When Adelman and other 76ers officials talk about a scheduling disadvantage, they feel one of the causes of that is dates reserved by Comcast Spectacor for events like concerts and family entertainment, some of which are picked before the 140 potential dates for Sixers and Flyers games are released.

"At the end of the day, our lease terms detract from our ability to set the most competitive NBA schedule and we are committed to having our own building just like every other professional sports team in Philadelphia," the 76ers said in a statement to PhillyVoice earlier this week. "There is a good reason why Flyers, Eagles, Phillies, and Union all own their own building – it positions them for maximum control over their schedule, fan experience, and player experience."
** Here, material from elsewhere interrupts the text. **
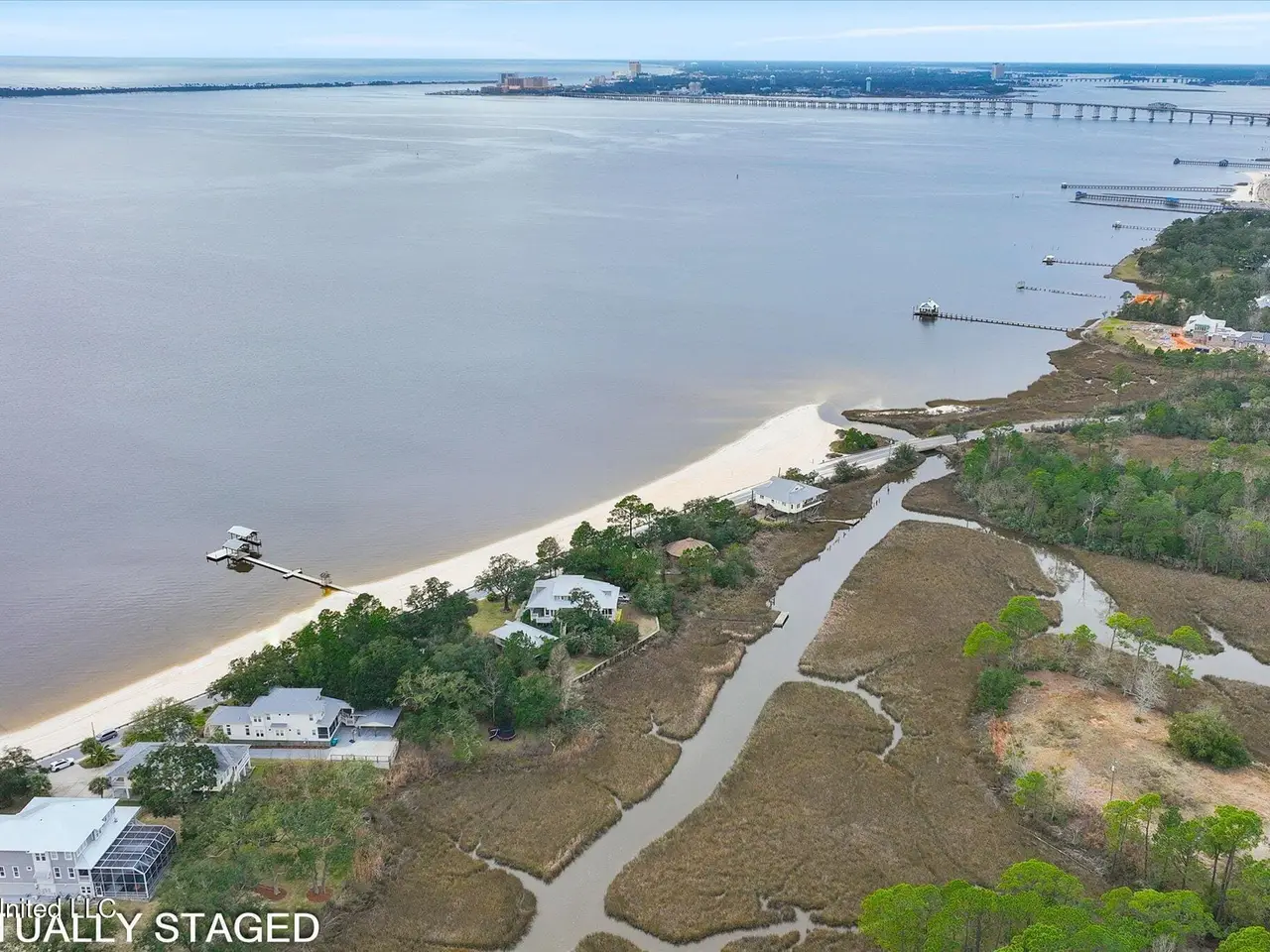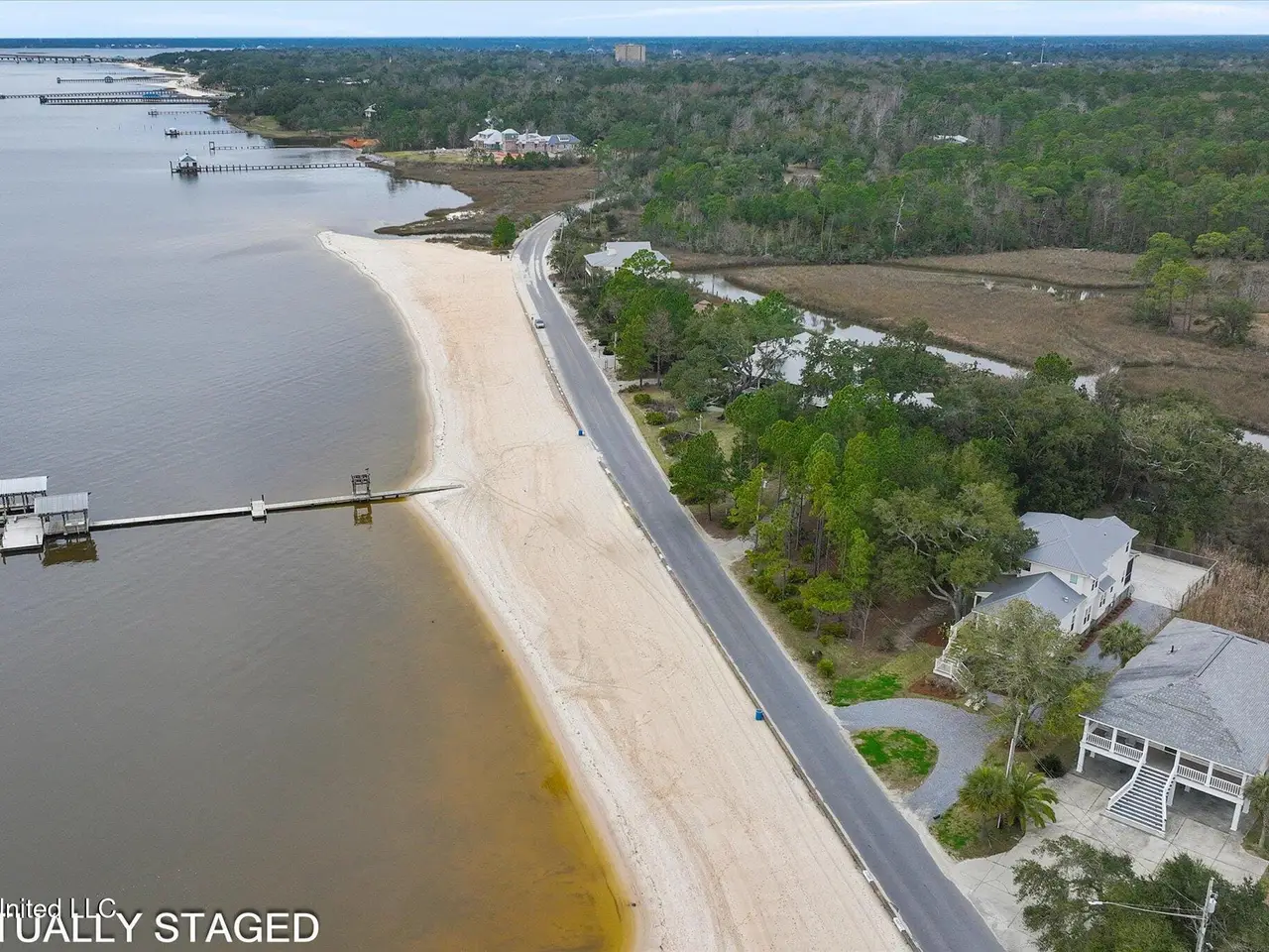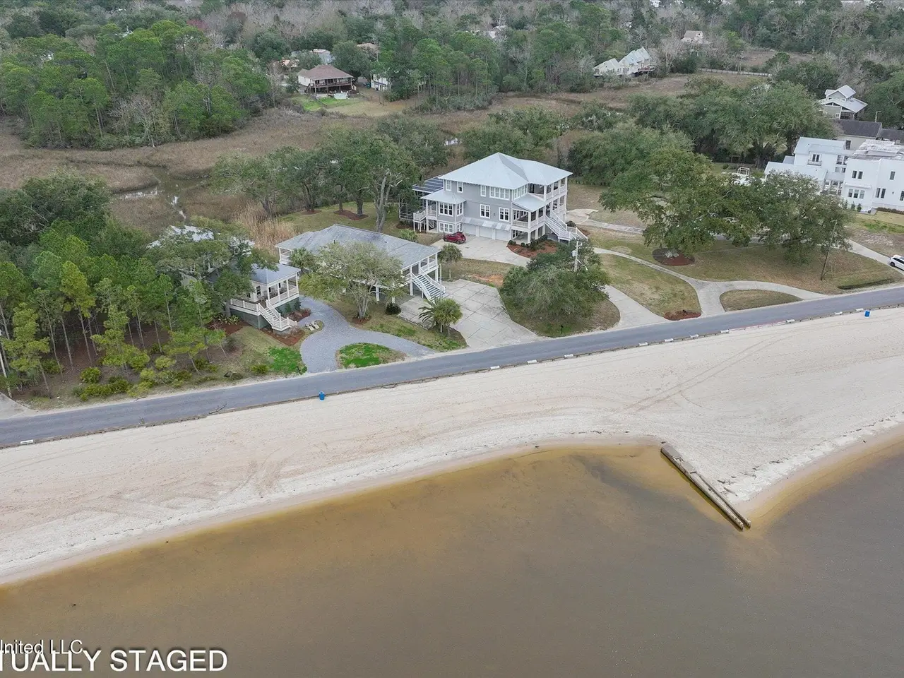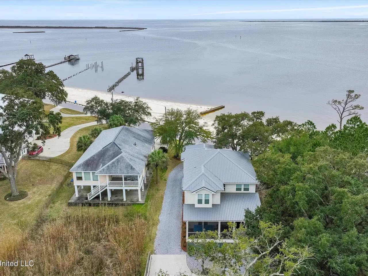 Rare opportunity on sought-after East Beach Drive, within the golf cart district and just minutes from downtown Ocean Springs! This stunning custom-built 2019 home combines breathtaking views of both the beach and the bayou with luxury, comfort, and location all in one exceptional package. From the moment you arrive, the attention to detail and quality craftsmanship are unmistakable. Inside, you'll find heart-of-pine flooring flowing through both levels, designer lighting, and expansive windows framing captivating water views from nearly every room. The living room impresses with its tall, dark-stained wood ceilings, large brick hearth fireplace, and abundant natural light. Adjacent to the living area is a formal dining room with stunning glass pocket doors, open shelving, and a built-in wine cooler -- perfect for entertaining guests. This versatile space could also serve as a home office, if desired. Off the hallway leading to the kitchen, you'll find a convenient half bath. The kitchen is a chef's dream, featuring leathered quartzite countertops, a massive wood center island, built-in gas cooktop, double ovens, and a walk-in pantry with a hidden cubby for extra storage. The breakfast nook, with its built-in bench and windows overlooking the beach, provides yet another breathtaking view of the water. A well-designed mudroom with custom built-ins and bench seating adds both function and charm. Step outside to the screened back porch, where you'll enjoy peaceful views of the bayou and private access to the primary suite. Just beyond is an outdoor kitchen with a decorative surfboard bar top and sweeping beach views, ideal for entertaining or relaxing. The primary suite, located on the main floor, offers a spa-like ensuite bath complete with marble counters, a soaking tub, glass shower, and dual walk-in closets with custom built-ins and motion-sensor lighting. Upstairs, the home continues to impress--starting with the laundry room, which features a folding counter positioned to capture one of the most beautiful views of the beach. The second floor includes three spacious bedrooms, each with large walk-in closets featuring custom built-ins. Two of the bedrooms include private ensuite baths with elegant custom finishes and gorgeous tilework. Natural light pours through the windows, highlighting the surrounding coastal beauty and serene waterfront setting. Outdoor living is equally impressive, with panoramic views of both the beach and the bayou from the back patio--perfect for gatherings or quiet evenings by the water. The property offers a circular driveway and electric gate providing secure access to the carport and fenced backyard, ample enclosed storage beneath the home with multiple gated sections, a fenced dog run, and a detached storage shed for convenience. Properties of this caliber rarely become available--don't miss your chance to make this your New Beginning on East Beach. Some photos have been digitally altered. All measurements and information are deemed reliable but not guaranteed. Buyer should verify any and all pertinent information.

The 76ers' privately funded, $1.3 billion arena would have 18,500 seats in a building that would occupy a portion of the existing Fashion District Philadelphia mall on Market Street between 10th and 11th streets. The arena, 76 Place, would sit along the southern boundary of Chinatown, which has lead to opposition among residents because of concerns about displacement, traffic and the future of the neighborhood.

In April, the city commissioned a study to assess the potential impact of a new arena in Center City. And since then, the Sixers have shared some of their own logistical plans and expectations for how the city would adjust to the changes in activity along East Market Street, a commercial corridor that Adelman has often said is dying and needs private investment. Team officials also said at the time that they expect they new arena would host events 150 nights per year.

This week, the city announced it has selected contractors for three studies that will analyze the economic, building design and community impacts of a Sixers arena. It came to light that at least two of these studies will be paid for by the 76ers, prompting critics to question whether the assessments can be independent and impartial under this arrangement. City officials and representatives for Sixers have said it is common practice to have developers fund studies for large, complex projects. And the Sixers say the consultants were chosen at the sole discretion of the Philadelphia Industrial Development Corp., which will oversee the studies without influence from the team. 

Adelman has said he and Hilferty are good friends, but they disagree with one another about the arena issue. Hilferty has spoken about the Flyers and Sixers working together as partners, and his comments about the 76ers' arena proposal have generally reflected an effort to entice the team to stay, rather than antagonize the Sixers in their quest for a home of their own.

"We're both going to be successful if they move," Hilferty said the Crossing Broad podcast. "We're going to compete for business. We're competitors. We will do everything we can to win, as will they."